Selbstverständlich stellen sich Fragen: Wie lange kann die Nationalbank diese Mindestgrenze noch verteidigen? Aber wir sind nicht das geeignete Gremium, um diese Frage zu beantworten. Wir müssen die Nationalbank stärken, die verankerte Unabhängigkeit respektieren und ihr vor allem das Vertrauen entgegenbringen, das sie in dieser schwierigen Lage verdient.
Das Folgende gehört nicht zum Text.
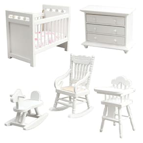 Material: madeira compensada Peso: 210 g Dimensões: Cama: 11,2 cm de comprimento x 7 cm de largura x 8,2 cm de altura; Cadeira de jantar: 4,7 cm de comprimento x 4,3 cm de largura x 10 cm de altura; Cadeira de balanço: 6,7 cm de comprimento x 5 cm de largura x 10,2 cm de altura; Cavalo de balanço: 7 cm de comprimento x 3,5 cm de largura x 5,8 cm de altura; Armário: 9,7 cm de comprimento x 4,0 cm de largura x 7,4 cm HighThis conjunto de móveis em miniatura em escala 1:12 inclui um berço branco, cômoda, cadeira alta, cadeira de balanço e cavalo de balanço, todos feitos de madeira compensada. Perfeito para adicionar um toque realista à sua casa de bonecas, berçário ou quarto infantil, com móveis charmosos de estilo vintage. Feitas com detalhes finos e acabamento durável, essas peças são ideais para criar um espaço de estar em miniatura aconchegante e elegante. Não é para crianças pequenas: este é um modelo de brinquedo e peças pequenas podem representar risco de asfixia ou causar ferimentos. Nota sobre o produto: Este conjunto foi projetado para uso em casas de bonecas e não para uso humano real. Se encaixa perfeitamente em casas de bonecas e miniaturas em escala 1:12.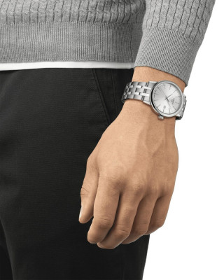 Предлагаем купить наручные часы Tissot T129.410.11.031.00 в г. Москва. Это мужские часы из коллекции T-Classic. Водозащита до 50 метров позволит принимать душ или умываться, не снимая часов. Надежное сапфировое стекло противостоит появлению царапин. Сапфировое стекло используется в дорогостоящих изделиях, это лучшее стекло для наручных часов, которое не царапается при механическом воздействии, его можно повредить только алмазом. Корпус часов изготовлен из стали, механизм — кварц. Кварцевые часы всегда точнее механических. В среднем, погрешность хода составляет 20 секунд в месяц. Кварцевые часы не нужно заводить, только менять батарейку раз в несколько лет.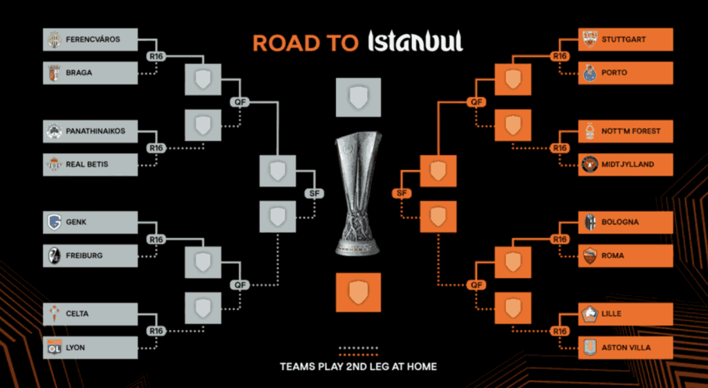 Στο άλλο κομμάτι η Ρόμα και η Άστον Βίλα αν περάσουν Μπολόνια και Λιλ αντίστοιχα σταυρώνουν μεταξύ τους στους «8» και μία θα μείνει έξω… Χαμός πραγματικά. Υπάρχει και ζευγάρι Πόρτο – Στουτγκάρδη που ο νικητής σταυρώνει λογικά με Νότιγχαμ (ή Μίντιλαντ).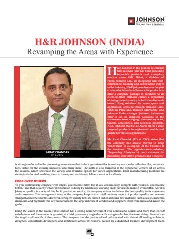 40 H&R JOHNSON (INDIA)Revamping the Arena with Experienceis strongly reflected in the pioneering innovations that include germ-free tiles & sanitary ware, solar reflective tiles, anti-static tiles, tactile for the visually impaired, and many more. The motto is also mirrored in the experience Centers set up across the country, which showcase the variety and available options for varied applications. Their manufacturing locations are strategically located enabling them to have speed and timely delivery services for clients.EDGE OVER OTHERS%u201cIf you continuously compete with others, you become bitter. But if you continuously compete with yourself, you become better,%u201d and that%u2019s exactly what H&R Johnson is doing by relentlessly working on its services to make it even better. At H&R Johnson, quality is a way of life, be it product or service, the company strives to deliver the best quality to its customers and consumers. The management team of the company keeps a strict vigil on every aspect of product quality and ensures stringent adherence norms. Moreover, stringent quality tests are carried out on inbound raw materials such as clays, minerals, chemicals, and pigments that are procured from the large network of vendors and suppliers- both from India and across the globe.Being the leader in the realm, H&R Johnson has a strong retail network of over a thousand dealers and more than 10, 000 sub-dealers- and the number is growing at a brisk pace every single day with a single sole objective to servicing clients across the length and breadth of the country. The company has also partnered and collaborated with almost all leading architects, designers, consultants, developers, and institutions across the country. Backed by a dedicated business development team, H&R Johnson is the pioneer of ceramic tiles in India- that has been providing top-notch products and exemplary services since 1958. Being a division of Prism Johnson Ltd., an integrated and wellestablished building and construction player in the industry, H&R Johnson has over the past six decades introduced innovative products to offer a complete package of solutions to its clientele.H&R Johnson carries a reputation of being the only entity in India to offer endto-end tiling solutions for every space and application, serviced through Johnson Tiles, Johnson Porselano, Johnson Marbonite, and Johnson Endura ranges. Johnson bathrooms offer a set of complete solutions in the bathrooms arena ranging from sanitary ware, faucets, accessories, and wellness products. Also, Johnson Marble & Quartz offers a wide range of products in engineered marble and quartz for various applications.Mr Sarat Chandak (ED & CEO) states that the company has always strived to keep %u2018Innovation%u2019 in all aspects of the business at the forefront. The organization%u2019s mission, %u201cImproving lifestyles of our customers by providing innovative products and services,%u201dSARAT CHANDAKED & CEO

Die heutige, kurze Debatte sendet falsche Signale an die internationale Finanzwelt aus: Sie deutet auf Hektik, auf Unsicherheit hin, und das schadet sowohl der Wirtschaft als auch der Nationalbank. Die heutige Diskussion ist nicht notwendig. Wir müssen der Nationalbank weiterhin Vertrauen entgegenbringen. Das ist für uns wichtig, denn wir sind auf die Kontinuität der eingeleiteten Politik angewiesen. Für uns sind die Faktoren Unabhängigkeit und kompetente Geldpolitik zentrale Faktoren, und diese Politik werden wir nicht verlassen.